NBISweden / pipelines-nextflow

A set of workflows written in Nextflow for Genome Annotation.
GNU General Public License v3.0
42 stars 18 forks source link

[New pipeline] DeNovoRepeatLib #32

Open Juke34 opened 4 years ago

Juke34 commented 4 years ago

See #17 for the general picture.

Maybe can be merge with the DeNovoRepeatLib pipeline (see #33).

The purpose of DeNovoRepeatLib is to make de-novo repeat library of a genome. There is two approach, should we only use the standard one? Should we use both solutions in parallel? We can provide an option to choose.

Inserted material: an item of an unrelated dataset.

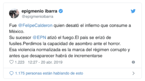 Finalmente Ibarra expresó que esta violencia heredada por Felipe Caldeŕon y Enrique Peña Nieto podría incrementarse previo a la pacificación del país.

solution 1 (standard): Input: A genome fasta file + an existing lib e.g dfam or RepBase to classify the de novo repeat (give family name), A protein database(swissprot eukaryote/prokaryote) for remove potential proteins from repeats. Output: A repeat library fasta file

For detailed approach see the wiki of the annotation cluster repo here and a more condense description in this post on Biostars.

TransposonPSI is now in bioconda. protexcluder is available in the nanjiang conda channel, it should be moved into bioconda. Be careful to Blast version (protexcluder needs particular ones).

solution 2 : Use EDTA available in conda and consequently as biocontainer.